(Collection entries)
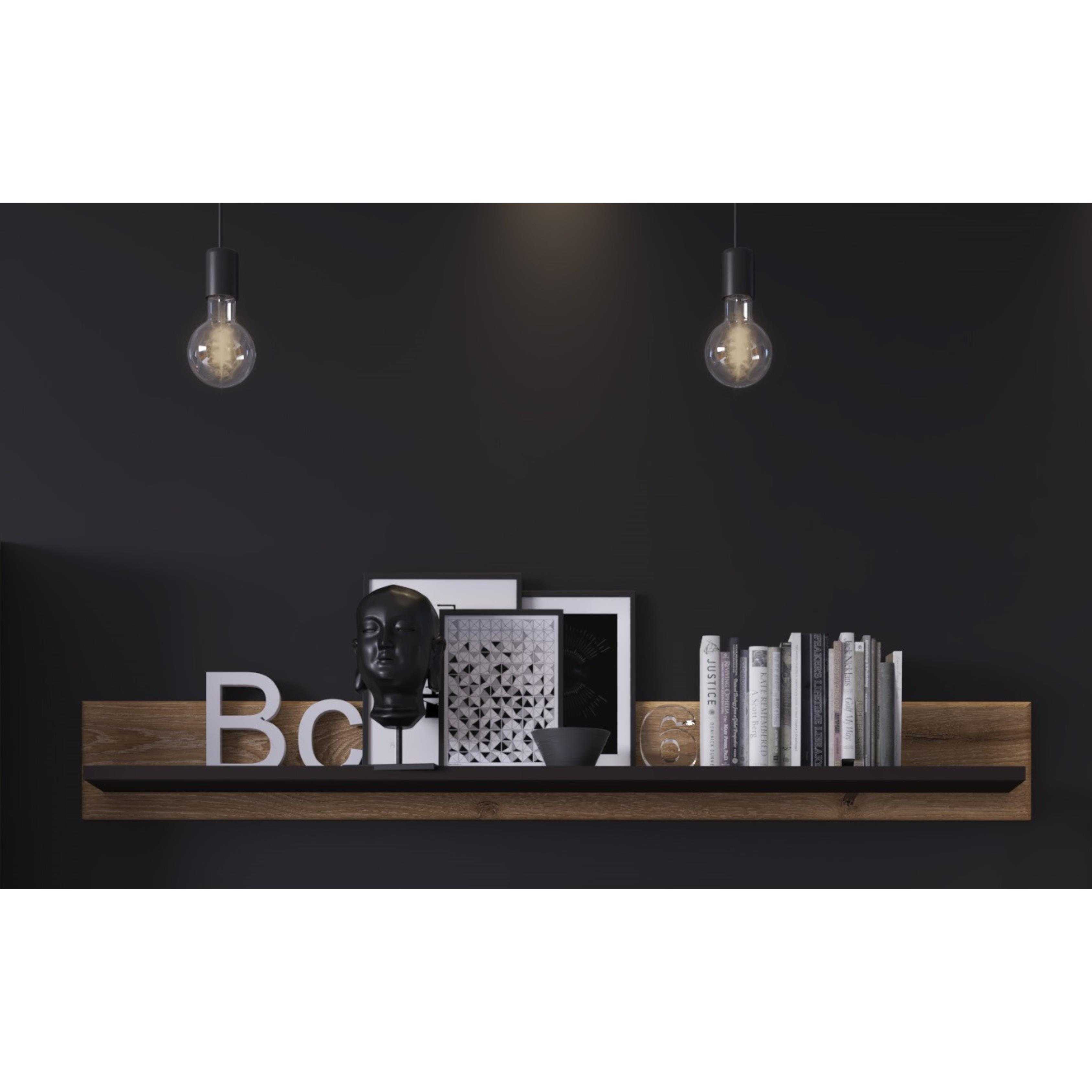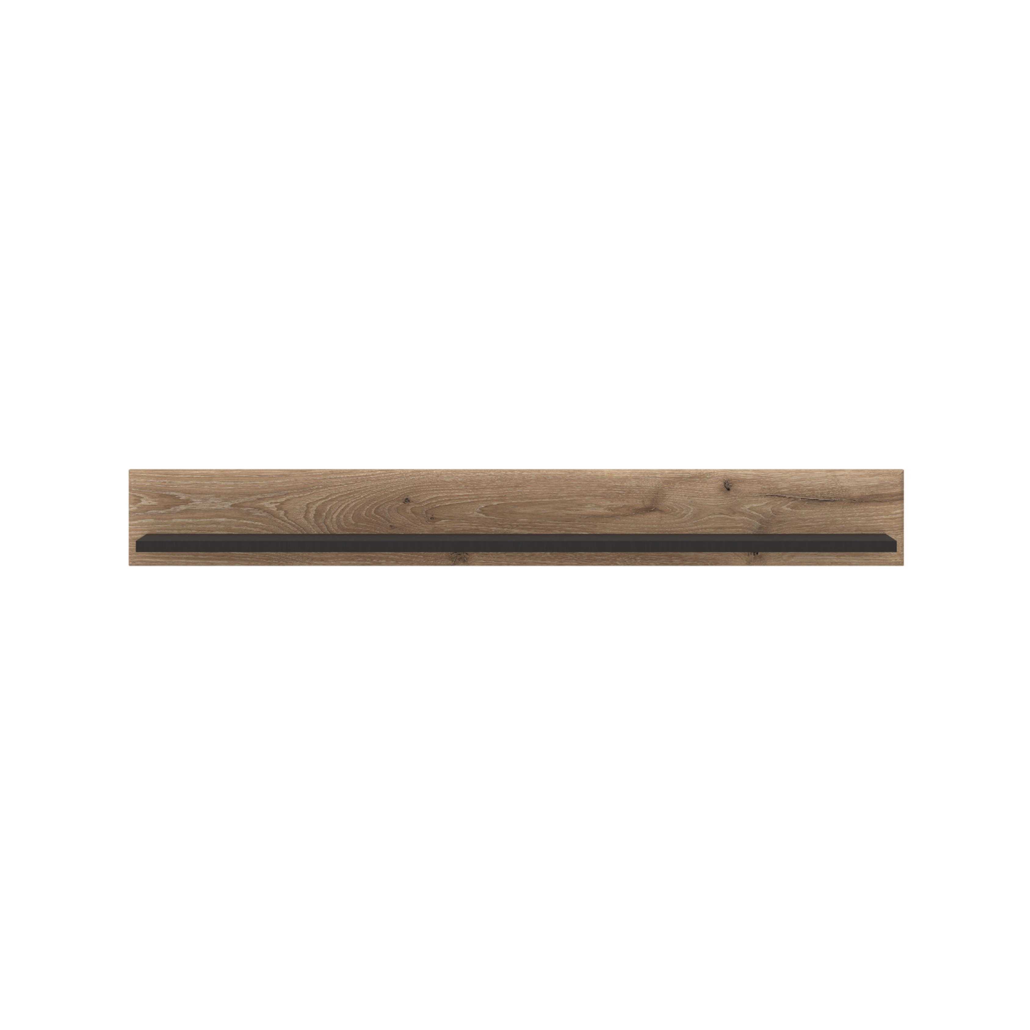 Das Wandregal kombiniert eine moderne Ästhetik mit praktischer Funktionalität. Gefertigt in Viking Eiche Nachbildung mit stilvollen Absetzungen in Kosmos Grau, bietet es eine attraktive Kombination aus natürlicher Holzoptik und eleganten, zeitgemäßen Akzenten.
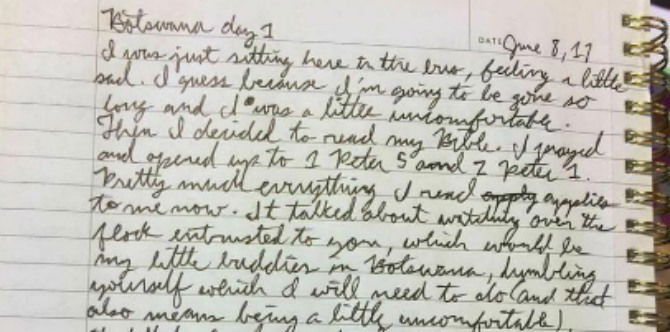 She then writes “Pretty much everything I read applies to me now … I mean, how awesome is that? So mostly, I was just reminded of why I’m here and that God has called me here and He’s done so for a reason. So I know He’s going to do incredible things.”
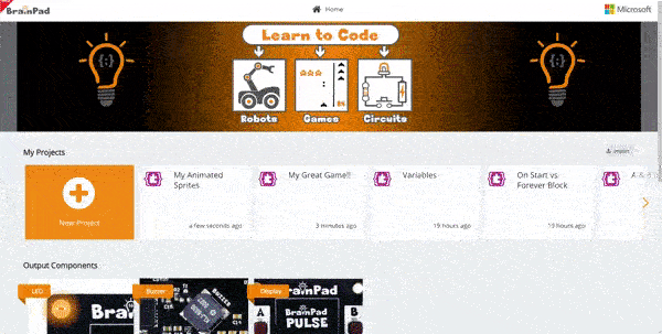 Visit makecode.brainpad.com and click the large + box to start a “New Project”.
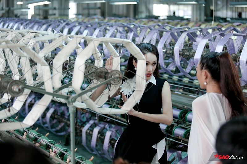 Hương Giang đang hướng dẫn cho các thí sinh của mình chụp hình bên cạnh các máy quay tơ lụa một cách cẩn thận nhất.
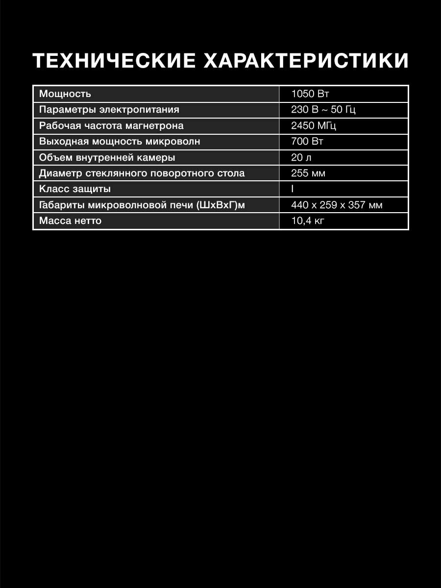 Черный цвет корпуса придает этой микроволновой печи элегантный и современный вид, который гармонично впишется в интерьер любой кухни. Она не только функциональна, но и станет стильным акцентом в вашем доме.
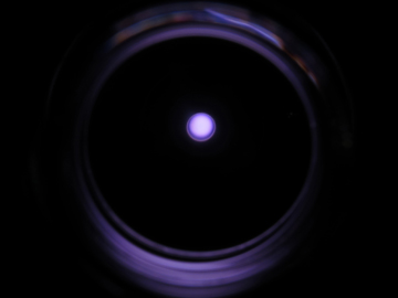 The glow of a Th-Ar hollow-cathode lamp. Reflection of light can be seen at the glass walls of the confining cylinder. Image taken with a Canon EOS 450.
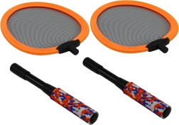 Lichte en duurzame set voor leuk badminton, buiten en binnen: twee rackets met een afneembare grip, een comfortabele foamhandgreep en een mesh slagvlak voor zacht contact met de shuttle. In de verpakking zitten 2 plastic shuttles. Ideaal voor kinderen vanaf 3 jaar, voldoet aan CE en EN71.
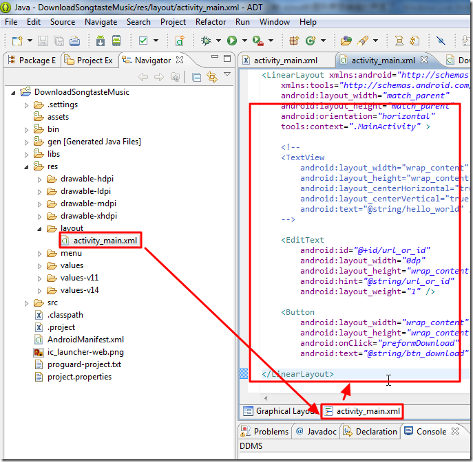 4.然后就是出现了:xml和Graphical Layout界面了:
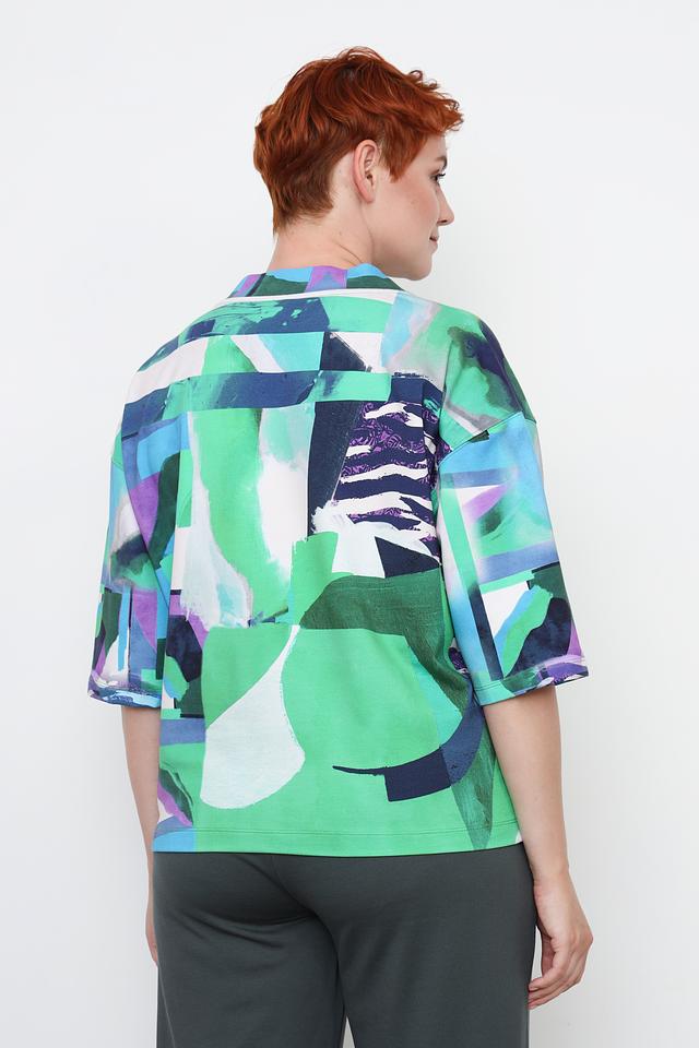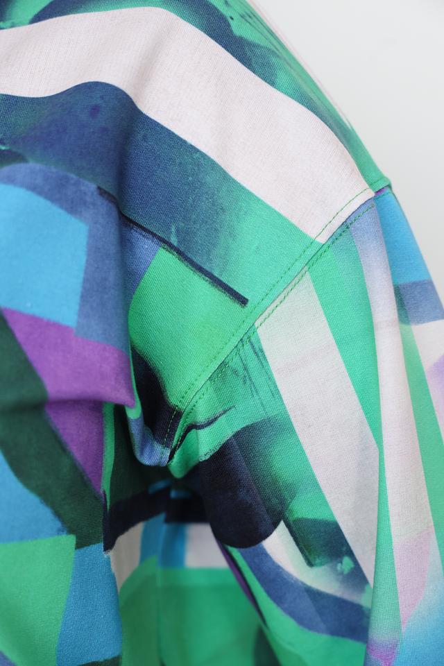 Этот стильный пуловер от Rabe collection станет ярким акцентом вашего образа. Модель выполнена в насыщенном зеленом цвете и украшена оригинальным абстрактным принтом, сочетающим в себе оттенки синего, фиолетового и белого.

[ABOUT THIS TASK]:
Look above for the line with "Черный цвет корпуса" and the line with "Lichte en duurzame"; set down those two lines and all lines between them exactly, without pictures and without anything else.

[SOLUTION]:
 Черный цвет корпуса придает этой микроволновой печи элегантный и современный вид, который гармонично впишется в интерьер любой кухни. Она не только функциональна, но и станет стильным акцентом в вашем доме.
 The glow of a Th-Ar hollow-cathode lamp. Reflection of light can be seen at the glass walls of the confining cylinder. Image taken with a Canon EOS 450.
 Lichte en duurzame set voor leuk badminton, buiten en binnen: twee rackets met een afneembare grip, een comfortabele foamhandgreep en een mesh slagvlak voor zacht contact met de shuttle. In de verpakking zitten 2 plastic shuttles. Ideaal voor kinderen vanaf 3 jaar, voldoet aan CE en EN71.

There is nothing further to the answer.